“Komm raus!”

fotoWo ich hinschaue, sehe ich Störche. Sie hängen im Flur, im Wohnzimmer und an den Türen. Als Pappkameraden baumeln sie von Girlanden herab und tragen ein Bündel im Schnabel.

Außerdem hängen (noch) farblose Bodys, Strumpfhosen und Söckchen im Miniformat herum. Und bunt einpackte Geschenke stapeln sich auf dem Tisch. In der Küche steht ein Kuchen mit der Aufschrift “Komm raus!” Es ist, wonach es aussieht: Eine Babyparty.

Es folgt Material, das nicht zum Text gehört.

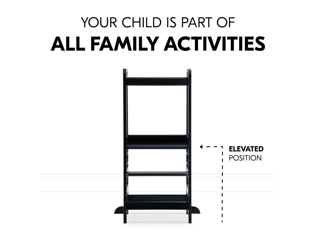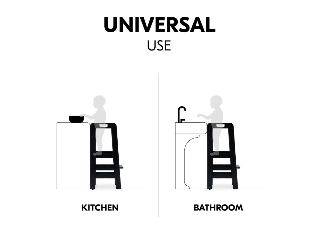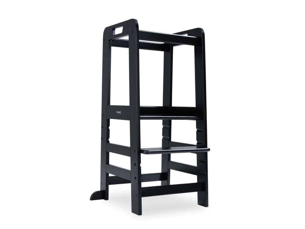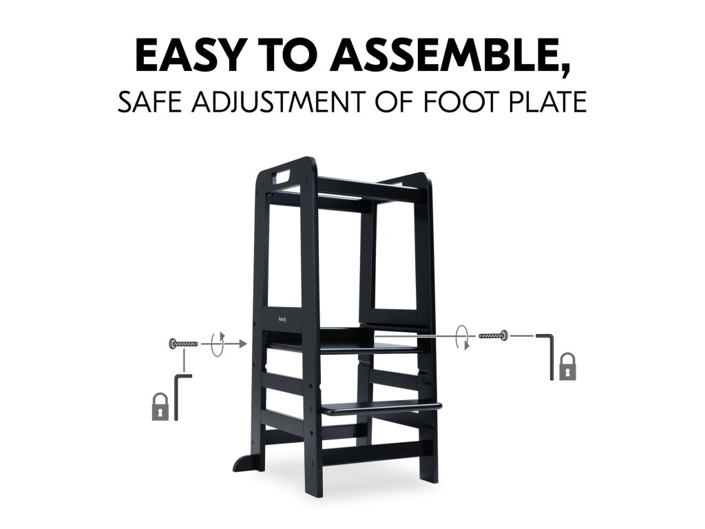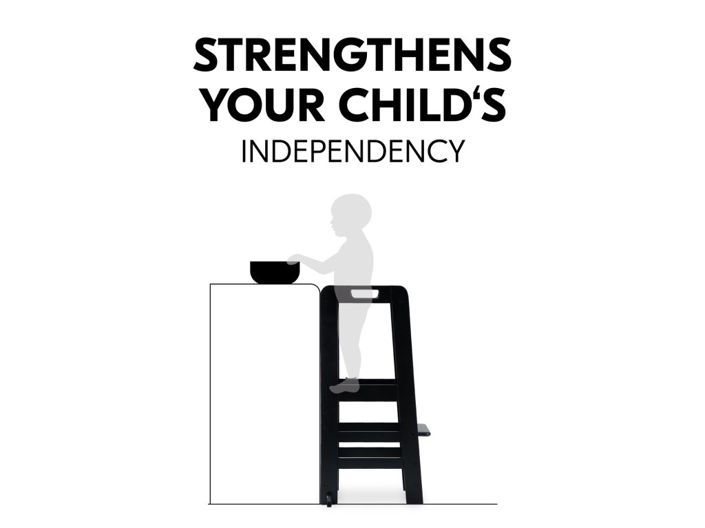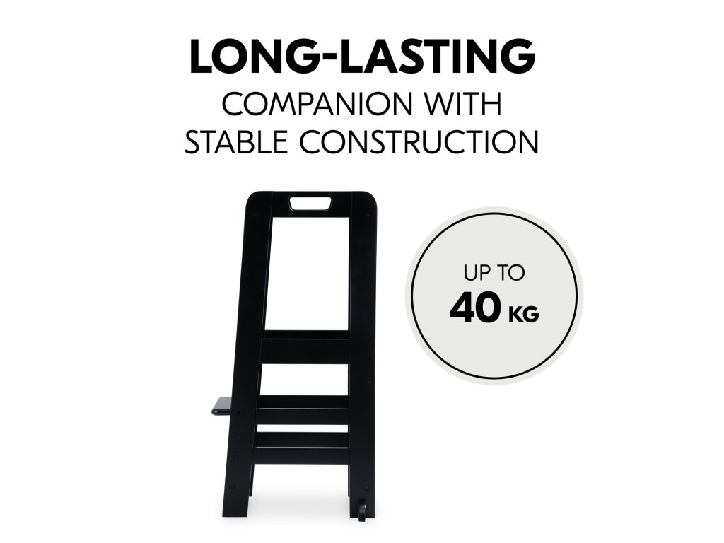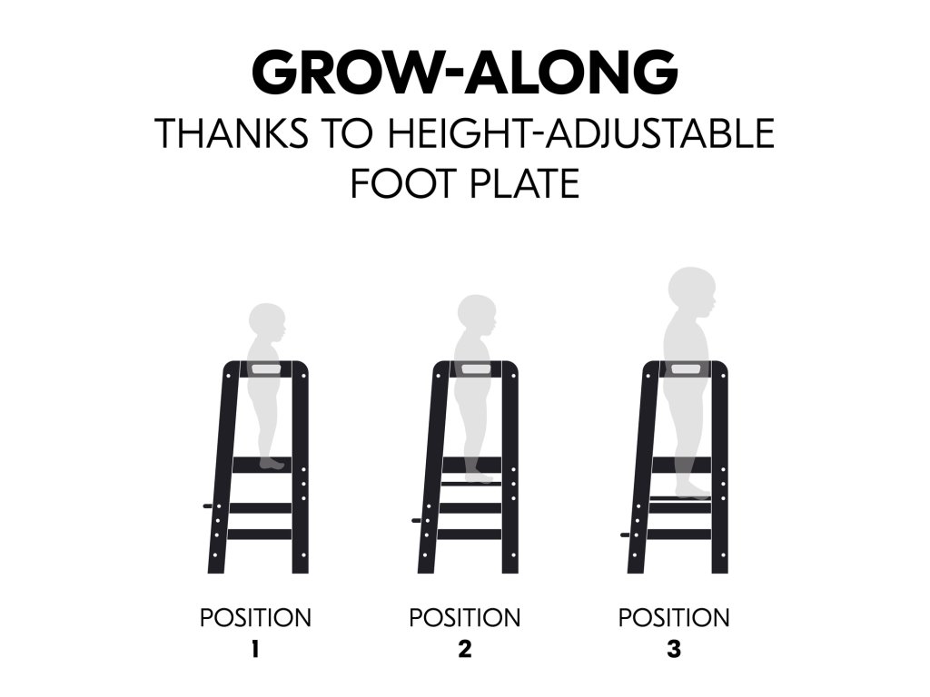 V závislosti na velikosti vašeho dítěte můžete nastavit nožní desku kuchyňského pomocníka do tří různých výšek. Robustní a stabilní konstrukce umožňuje vašemu dítěti používat Montessori věž až do hmotnosti 40 kg, ať už v kuchyni, u jídelního stolu nebo u umyvadla v koupelně.

Ihre besten Freundinnen haben dieses Fest für meine Tochter organisiert. Sie wusste von nichts und ist entsprechend überrascht. Ich war zwar eingeweiht, konnte mir aber so richtig nichts darunter vorstellen. Fast war ich versucht, zu sagen: So was gab es zu meiner Zeit noch nicht. Aber wie das klingt, zu meiner Zeit. Einfach blöde, daher habe ich diesen Gedanken schnell wieder gestrichen, und mich lieber auf diesen Nachmittag  gefreut.

Warum eigentlich eine Babyparty – ohne Baby? Es ist ein bisschen Vorfreude. Es ist ein bisschen Wartezeit verkürzen. Es ist ein bisschen Fruchtbarkeit feiern. Und es ist ein bisschen Zeit miteinander verbringen, bevor ein neuer Akteur ins Zentrum aller Aufmerksamkeit rückt. Und manches Mal sollen die Wehen schon direkt nach einer Babyparty eingesetzt haben …

Dass Babypartys eine amerikanische Erfindung sind, bezweifle ich. Es ist eine fröhliche und vor allem matriarchalische Idee, sich auf die Ankunft des neuen Kindes zu freuen. Und gleichzeitig die werdende Mutter zu feiern.

Lange genug mussten Frauen ihre Bäuche unter wallenen Kleidern verstecken. Wie oft habe ich von älteren Fragen schon den Satz gehört: “Alle waren ganz erstaunt, wo ich das Kind plötzlich her hatte.” Lange genug war die Niederkunft das berufliche Ende einer Frau. Es galt für sie K-K-K* und fertig. Heute zeigen die werdenden Mütter stolz ihren Bauch. Sie wollen eigenständig und unabhängig sein. Sie definieren sich nicht allein über die Mutterschaft, sondern sehen sie als einen ergänzenden, wenn auch besonderen, Teil des Lebens. Daher gefällt es mir auch, dass sich die anwesenden Männer kurze Zeit später von der Babyparty verziehen. Wir Frauen bleiben unter uns.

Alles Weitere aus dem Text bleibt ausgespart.